_Activity:_
No pictures belong in the copy. Restate the rest of the data exactly.

_Data extract:_

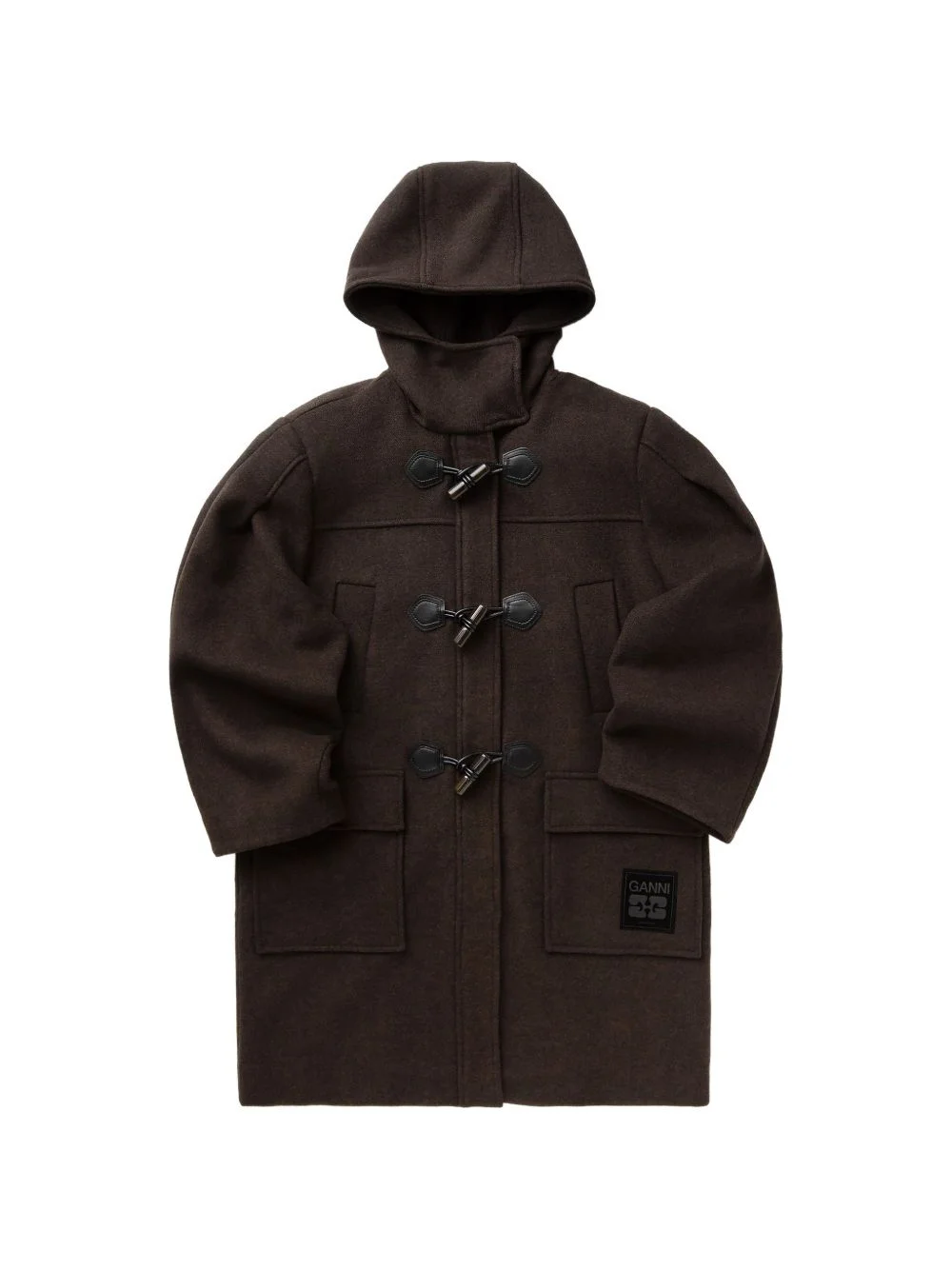 wool duffle coat Highlights - Dark brown - Wool - Toggle fastening - Patch pocket - Logo patch Imported Composition Wool 72%, Polyester 23%, Cashmere 5% Lining: Acetate 57%, Viscose 43% Washing instructions Read Manufacturer Guidelines
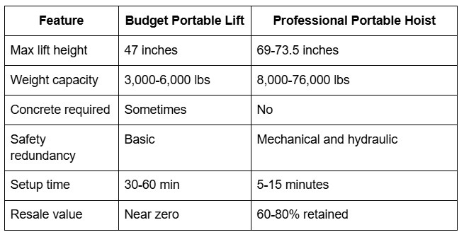 That last row matters more than people realize. A cheap portable lift is essentially a consumable. A well-built, American-made hoist holds its value and moves with your business.
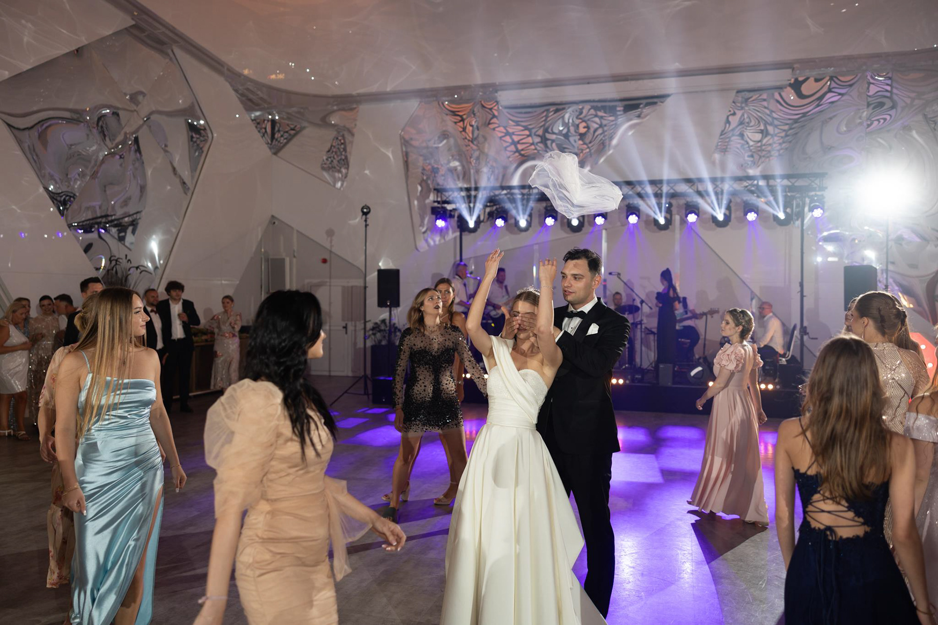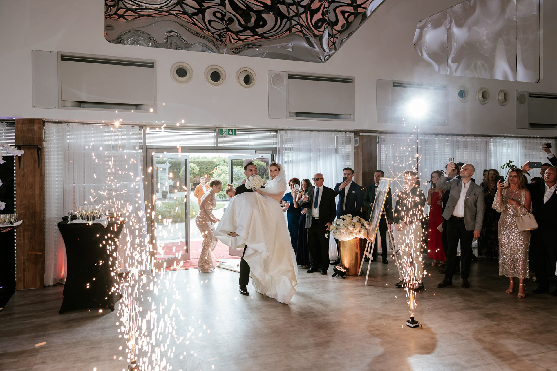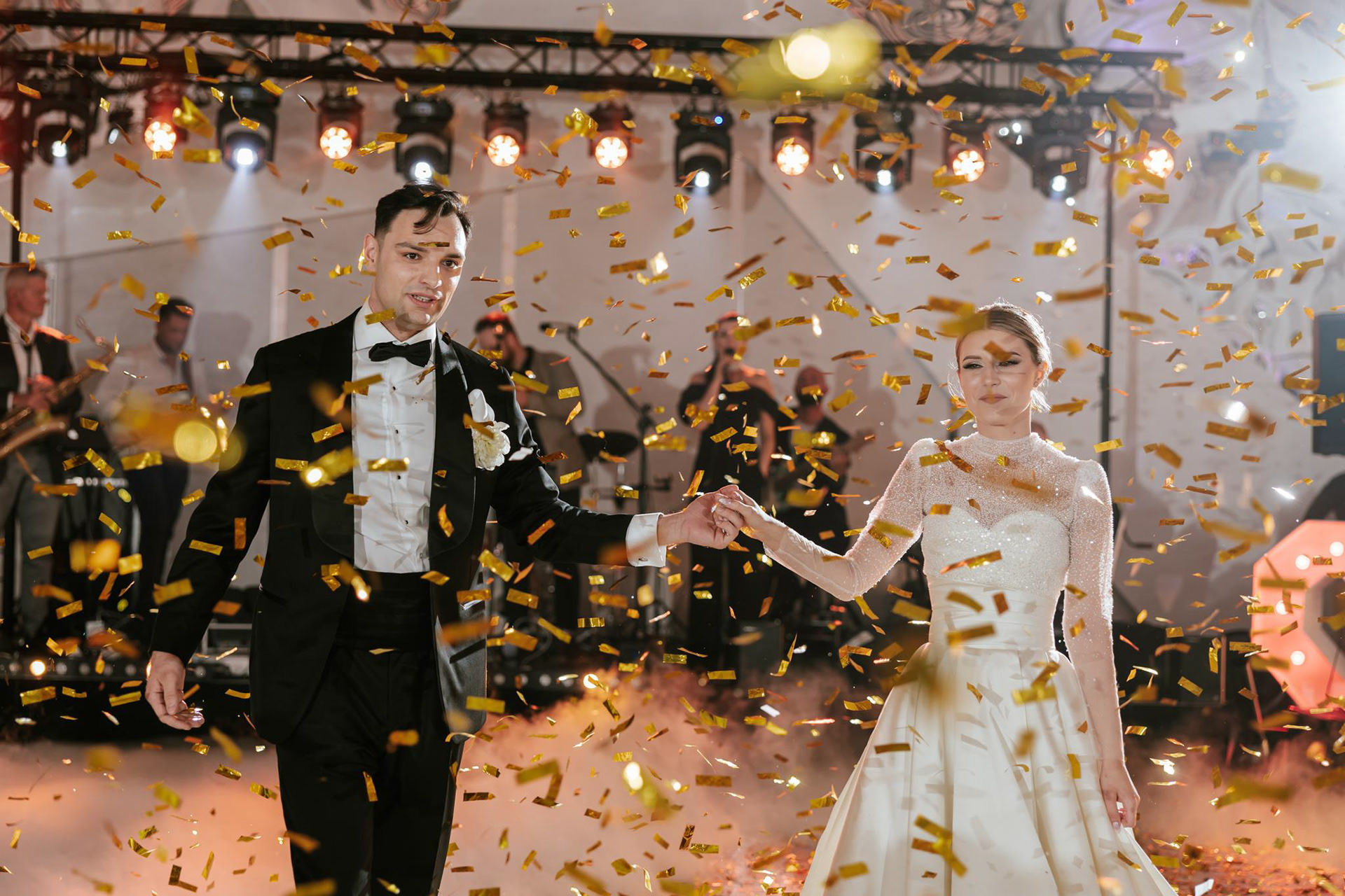 Wesele Sonii i Tomka odbyło się w Hotelu Porto, który był perfekcyjnie dopasowany do klimatu ślubu glamour. Dekoracje w złoto-białej kolorystyce z czarnymi akcentami, luksusowa zastawa i mnóstwo świeżych, białych kwiatów – to wszystko stworzyło atmosferę pełną klasy i elegancji. Szczególnie warte uwagi było wyjątkowe oświetlenie, za które odpowiadała ekipa Modern Light Service. Profesjonalne oświetlenie sali weselnej dodało głębi zdjęciom i podkreśliło luksusowy klimat przyjęcia.

_Problem solution:_
 wool duffle coat Highlights - Dark brown - Wool - Toggle fastening - Patch pocket - Logo patch Imported Composition Wool 72%, Polyester 23%, Cashmere 5% Lining: Acetate 57%, Viscose 43% Washing instructions Read Manufacturer Guidelines
 That last row matters more than people realize. A cheap portable lift is essentially a consumable. A well-built, American-made hoist holds its value and moves with your business.
 Wesele Sonii i Tomka odbyło się w Hotelu Porto, który był perfekcyjnie dopasowany do klimatu ślubu glamour. Dekoracje w złoto-białej kolorystyce z czarnymi akcentami, luksusowa zastawa i mnóstwo świeżych, białych kwiatów – to wszystko stworzyło atmosferę pełną klasy i elegancji. Szczególnie warte uwagi było wyjątkowe oświetlenie, za które odpowiadała ekipa Modern Light Service. Profesjonalne oświetlenie sali weselnej dodało głębi zdjęciom i podkreśliło luksusowy klimat przyjęcia.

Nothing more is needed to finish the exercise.